__Brief__: Exactly the lines from the one containing "It is Movie" through the end of the data below are to be reproduced, and nothing besides them.
(Extracted information Opens)
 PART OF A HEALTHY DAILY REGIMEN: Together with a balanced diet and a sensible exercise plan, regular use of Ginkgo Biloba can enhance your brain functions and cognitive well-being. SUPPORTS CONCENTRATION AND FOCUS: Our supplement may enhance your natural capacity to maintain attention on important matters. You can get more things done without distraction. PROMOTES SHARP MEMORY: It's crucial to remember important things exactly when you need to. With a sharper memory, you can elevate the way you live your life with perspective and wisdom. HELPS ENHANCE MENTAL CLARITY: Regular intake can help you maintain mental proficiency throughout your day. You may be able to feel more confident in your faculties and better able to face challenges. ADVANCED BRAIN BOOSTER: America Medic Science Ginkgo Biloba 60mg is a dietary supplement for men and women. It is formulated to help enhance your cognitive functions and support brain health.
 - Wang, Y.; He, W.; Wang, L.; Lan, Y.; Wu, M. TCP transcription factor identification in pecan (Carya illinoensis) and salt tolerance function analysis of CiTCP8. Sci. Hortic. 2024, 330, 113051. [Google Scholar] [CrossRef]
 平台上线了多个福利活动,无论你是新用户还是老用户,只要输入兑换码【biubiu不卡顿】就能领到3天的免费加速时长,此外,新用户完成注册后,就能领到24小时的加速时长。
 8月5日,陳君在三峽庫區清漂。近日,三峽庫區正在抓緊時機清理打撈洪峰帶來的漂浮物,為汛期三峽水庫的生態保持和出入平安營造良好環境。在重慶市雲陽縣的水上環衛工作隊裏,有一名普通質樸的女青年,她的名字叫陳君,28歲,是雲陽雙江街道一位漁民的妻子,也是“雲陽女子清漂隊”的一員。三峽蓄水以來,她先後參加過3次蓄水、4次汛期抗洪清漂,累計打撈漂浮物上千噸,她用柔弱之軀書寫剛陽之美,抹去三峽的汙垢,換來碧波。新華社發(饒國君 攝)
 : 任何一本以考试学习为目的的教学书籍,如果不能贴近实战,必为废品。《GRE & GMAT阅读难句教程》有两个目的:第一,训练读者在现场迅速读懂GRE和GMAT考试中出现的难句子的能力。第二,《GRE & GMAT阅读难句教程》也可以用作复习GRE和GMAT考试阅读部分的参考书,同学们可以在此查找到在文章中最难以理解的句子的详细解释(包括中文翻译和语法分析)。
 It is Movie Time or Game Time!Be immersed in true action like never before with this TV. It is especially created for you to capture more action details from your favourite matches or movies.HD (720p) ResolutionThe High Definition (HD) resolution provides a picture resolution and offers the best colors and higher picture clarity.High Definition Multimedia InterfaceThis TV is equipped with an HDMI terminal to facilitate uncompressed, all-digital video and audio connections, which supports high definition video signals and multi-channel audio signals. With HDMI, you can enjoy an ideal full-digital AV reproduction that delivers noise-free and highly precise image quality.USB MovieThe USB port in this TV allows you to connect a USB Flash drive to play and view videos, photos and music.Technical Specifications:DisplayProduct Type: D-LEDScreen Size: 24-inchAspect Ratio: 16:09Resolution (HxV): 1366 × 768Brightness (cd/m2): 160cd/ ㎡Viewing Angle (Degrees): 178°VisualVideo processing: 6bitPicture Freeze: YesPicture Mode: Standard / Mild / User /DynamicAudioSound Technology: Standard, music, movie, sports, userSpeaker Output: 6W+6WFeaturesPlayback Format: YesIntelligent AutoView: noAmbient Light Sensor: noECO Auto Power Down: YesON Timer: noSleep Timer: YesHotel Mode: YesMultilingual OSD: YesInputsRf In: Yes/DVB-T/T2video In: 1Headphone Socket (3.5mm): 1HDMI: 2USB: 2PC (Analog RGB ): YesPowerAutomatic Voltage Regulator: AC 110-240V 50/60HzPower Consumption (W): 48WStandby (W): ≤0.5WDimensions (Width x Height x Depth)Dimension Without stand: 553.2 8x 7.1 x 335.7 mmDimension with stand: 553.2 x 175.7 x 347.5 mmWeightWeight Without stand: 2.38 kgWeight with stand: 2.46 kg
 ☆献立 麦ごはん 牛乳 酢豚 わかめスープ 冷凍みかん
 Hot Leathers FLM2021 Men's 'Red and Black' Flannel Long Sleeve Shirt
(Extracted information Closes)
__Answer space__:
 It is Movie Time or Game Time!Be immersed in true action like never before with this TV. It is especially created for you to capture more action details from your favourite matches or movies.HD (720p) ResolutionThe High Definition (HD) resolution provides a picture resolution and offers the best colors and higher picture clarity.High Definition Multimedia InterfaceThis TV is equipped with an HDMI terminal to facilitate uncompressed, all-digital video and audio connections, which supports high definition video signals and multi-channel audio signals. With HDMI, you can enjoy an ideal full-digital AV reproduction that delivers noise-free and highly precise image quality.USB MovieThe USB port in this TV allows you to connect a USB Flash drive to play and view videos, photos and music.Technical Specifications:DisplayProduct Type: D-LEDScreen Size: 24-inchAspect Ratio: 16:09Resolution (HxV): 1366 × 768Brightness (cd/m2): 160cd/ ㎡Viewing Angle (Degrees): 178°VisualVideo processing: 6bitPicture Freeze: YesPicture Mode: Standard / Mild / User /DynamicAudioSound Technology: Standard, music, movie, sports, userSpeaker Output: 6W+6WFeaturesPlayback Format: YesIntelligent AutoView: noAmbient Light Sensor: noECO Auto Power Down: YesON Timer: noSleep Timer: YesHotel Mode: YesMultilingual OSD: YesInputsRf In: Yes/DVB-T/T2video In: 1Headphone Socket (3.5mm): 1HDMI: 2USB: 2PC (Analog RGB ): YesPowerAutomatic Voltage Regulator: AC 110-240V 50/60HzPower Consumption (W): 48WStandby (W): ≤0.5WDimensions (Width x Height x Depth)Dimension Without stand: 553.2 8x 7.1 x 335.7 mmDimension with stand: 553.2 x 175.7 x 347.5 mmWeightWeight Without stand: 2.38 kgWeight with stand: 2.46 kg
 ☆献立 麦ごはん 牛乳 酢豚 わかめスープ 冷凍みかん
 Hot Leathers FLM2021 Men's 'Red and Black' Flannel Long Sleeve Shirt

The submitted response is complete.